Task instructions: The whole listing needs retyping exactly; keep the pictures out of it.

Given information:
────────────────

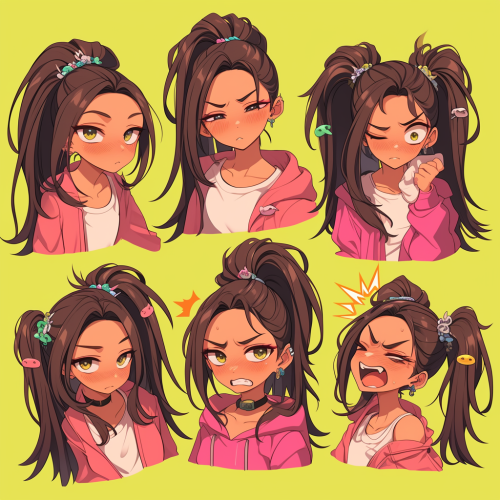 9 divisions, Gal, brown skin ,Only forward-facing angles, seen from the front,Various hairstyles and outfits, chibi,Joy, anger, sorrow, and happiness --niji 6
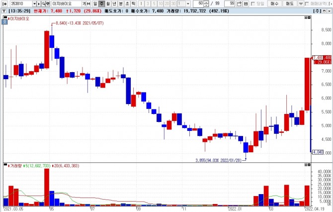 이지바이오의 지주회사인 이지홀딩스도 18.45% 상승하며 동반 강세를 보이고 있다.
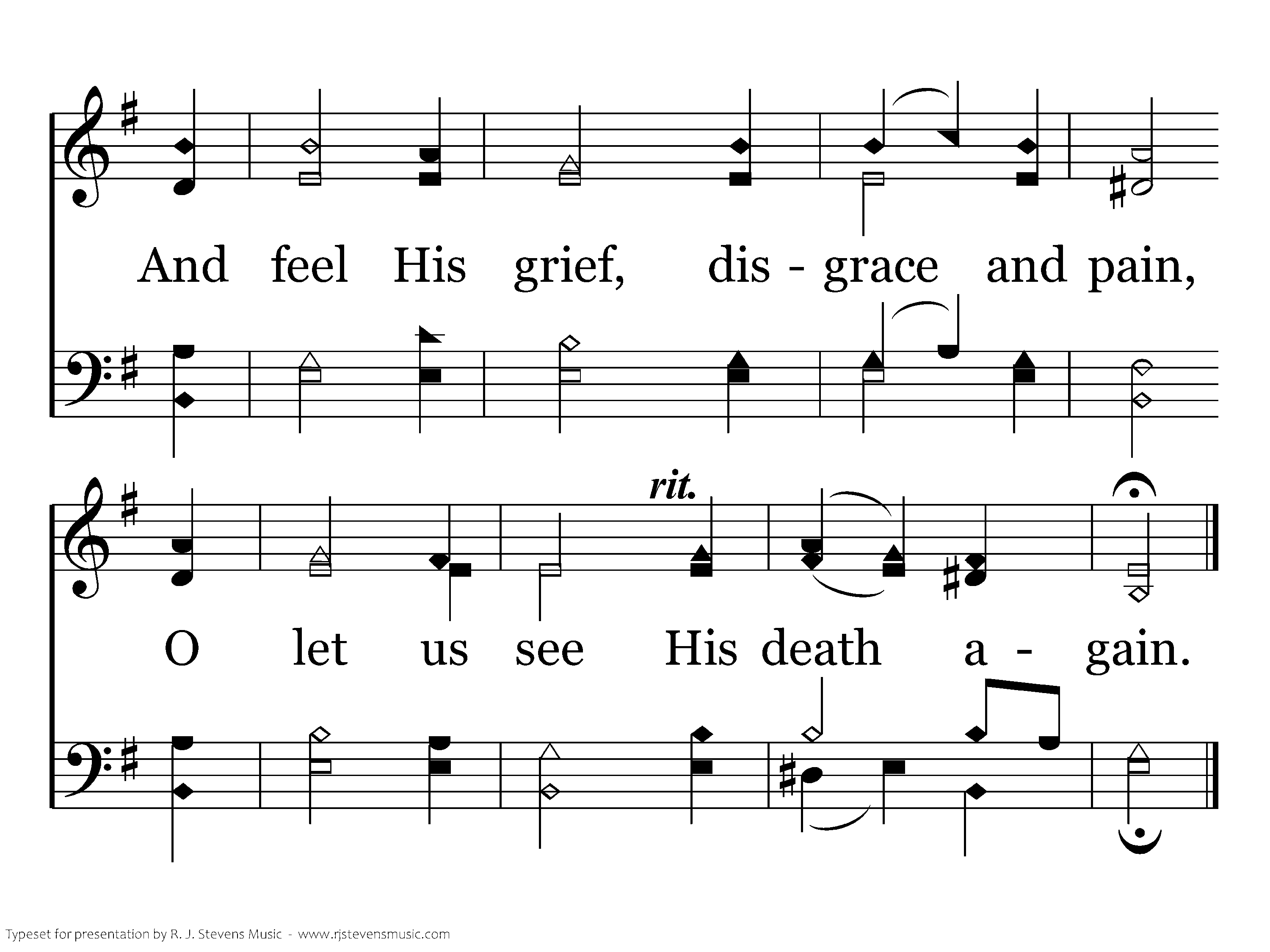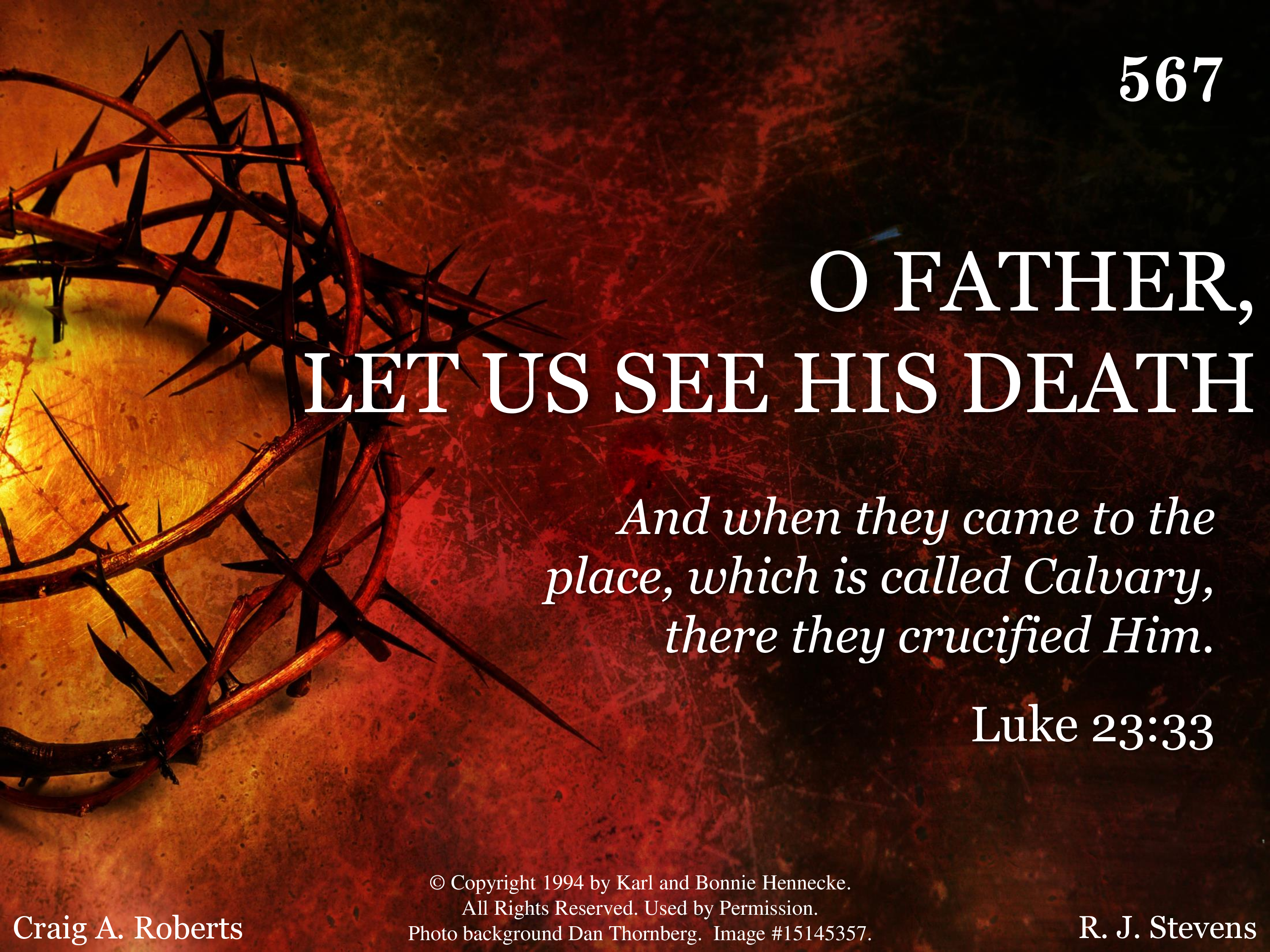 O Father, let us see His death, And hear "forgive them" on His breath, And feel His grief, disgrace and pain, O let us see His death again.

────────────────

Your response:
 9 divisions, Gal, brown skin ,Only forward-facing angles, seen from the front,Various hairstyles and outfits, chibi,Joy, anger, sorrow, and happiness --niji 6
 이지바이오의 지주회사인 이지홀딩스도 18.45% 상승하며 동반 강세를 보이고 있다.
 O Father, let us see His death, And hear "forgive them" on His breath, And feel His grief, disgrace and pain, O let us see His death again.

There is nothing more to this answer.